First, we find no evidence in the record before us that "the agency acted without substantial justification in pressing its claim against [petitioner]." The employer had every right to appeal the appeals referee's decision to the Full Commission and the Commission acted on that appeal. Petitioner alleged several procedural violations during this appeal. We have reviewed the record and find that these violations, if any, do not rise to the level of acting "without substantial justification" required by the statute.

Second, N.C.Gen.Stat. § 96-17(b1) directly addresses the issue of attorneys' fees and states that "in any court proceeding under this Chapter each party shall bear its own costs and legal fees." This statute is specific to actions under Chapter 96 and therefore controls the issue in the present case. It is well-settled law that when one statute speaks directly to a particular situation, that statute will control other general statutes regarding that particular situation, absent clear legislative intent to the contrary. Whittington v. N.C. Department of Human Resources, 100 N.C.App. 603, 606, 398 S.E.2d 40, 42 (1990), citing, Food Stores v. Board of Alcoholic Control, 268 N.C. 624, 151 S.E.2d 582 (1966). Because we find that neither the Commission nor the employer acted "without substantial justification" under § 6-19.1, we need not address the Legislature's intent concerning which of the statutes would control under those circumstances. Therefore, we hold that § 96-17(b1) is specific to the case before us, and petitioner is responsible for his own legal fees and costs.

We have considered petitioner's remaining assignments of error concerning notice of appeal, new evidence allegedly considered by the Commission and additional affidavits and find them without merit.

For the above reasons, we affirm the trial court's judgment.

Affirmed.

LEWIS, J., concurs.

COZORT, J., dissents.

COZORT, Judge, dissenting.

I disagree with the conclusion that petitioner was discharged for substantial fault and was thus subject to disqualification of benefits for nine weeks. I base my opinion on a review of the record below which shows, without dispute, that petitioner committed no attendance infractions after his suspension, and he could not have been properly discharged for absenteeism.

The record does not contain a complete copy of the employment handbook, making effective appellate review difficult. We must rely on the Commission's findings as *736 to the employer's policy. The Commission found, without exception from any party, that the employer's policy provides for written warnings, suspension, and "any violations after suspension lead to discharge." (Emphasis added.) This three-step process apparently did not apply to certain egregious infractions, known as "group one work rules," which could result in immediate discharge. Excessive absenteeism, the reason given for petitioner's discharge, is not listed in the "group one work rules." Excessive absenteeism is listed in the "group two work rules," which appear, from my reading of the woefully inadequate record, to be the less serious violations subject to the three-step disciplinary process: written warning, suspension, and discharge for violations occurring after suspension.

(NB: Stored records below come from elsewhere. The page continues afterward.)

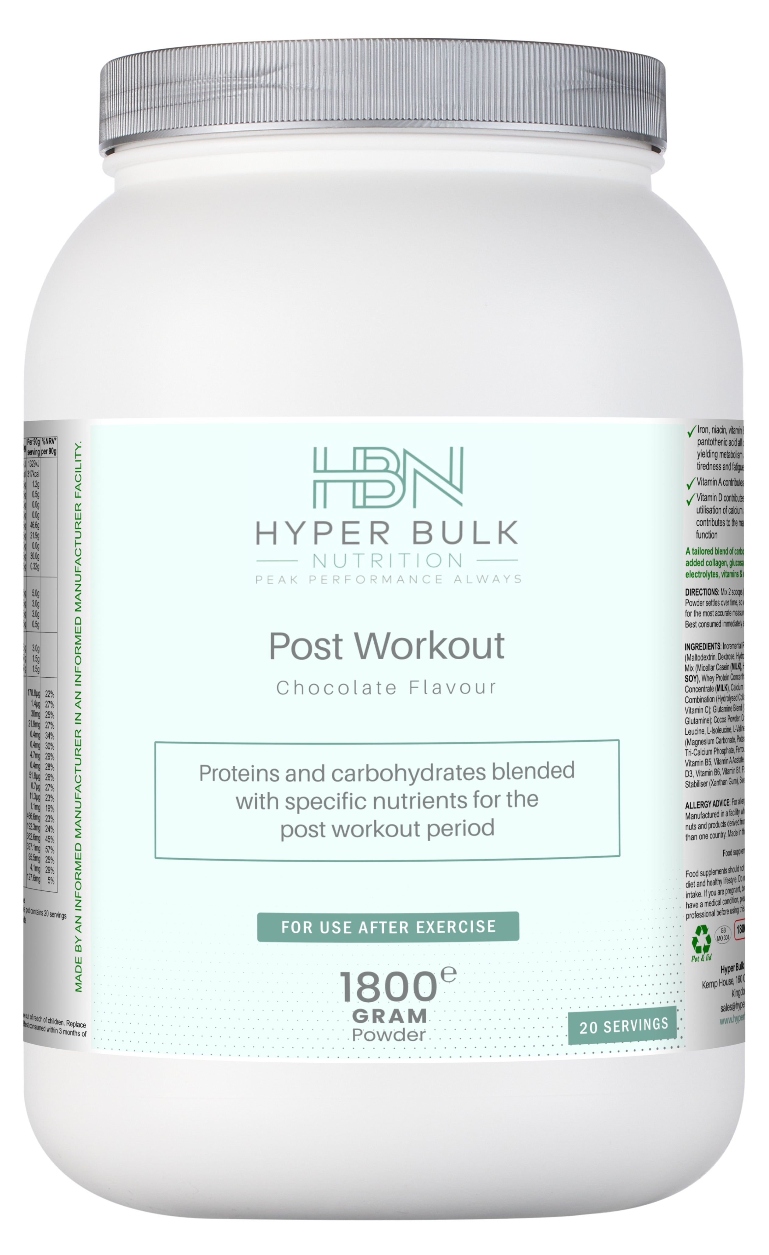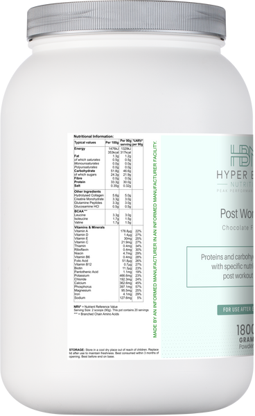 Post workout formula for improved recovery, phased energy replenishment and rehydration (chocolate flavour):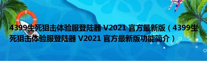 4399生死狙击体验服登陆器 V2021 官方最新版(4399生死狙击体验服登陆器 V2021 官方最新版功能简介)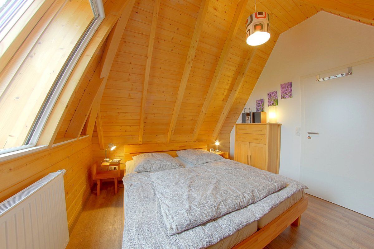 Das Schlafzimmer im Erdgeschoss ist mit einem hochwertigen Doppelbett (180 x 200 cm) aus massiver Buche, höhenverstellbaren 5-Reflex-Zonen-Lattenrosten und Matratzen ausgestattet. Die Komforthöhe von ca. 45cm sorgt nach einem erholsamen Schlaf für ein gesundes und ideales Aufstehen. Zwei Nachtschränke mit Leseleuchten und ein kleiner Flachbildfernseher runden das Gesamtbild ab. Ein Kleiderschrank bietet genügend Platz für Ihre persönlichen Dinge.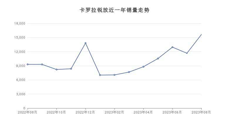 卡罗拉锐放在2023年8月份的销量为15633辆,同比增长68.15%,环比增长34.04%,在10-15万油电混动车中销量位列第5。相比于7月,卡罗拉锐放的销量增加了3970辆。

As the record plainly shows, petitioner received warnings prior to 19 December 1989. He was suspended on 19 December 1989. The company was on lay-off, through no fault of the petitioner, from 20 December 1989 through 2 January 1990. On 2 January 1990 the employer discharged petitioner, apparently for absences which occurred before 19 December 1989, but which the employer allegedly failed to "post" until some point during the lay-off. That purported discharge did not comply with the employer's own policy which provides that discharge must be for infractions which occur after suspension. Such would, of course, be impossible here because the company was on lay-off while petitioner was suspended.

There is no doubt that petitioner had numerous absences and that they may have been sufficient to justify discharge. But the employer must follow its own rules in making that determination, and discharge in violation of its own rules should not be the basis of disqualifying petitioner from benefits.

I vote to reverse the lower court's judgment affirming the Commission, and I respectfully dissent.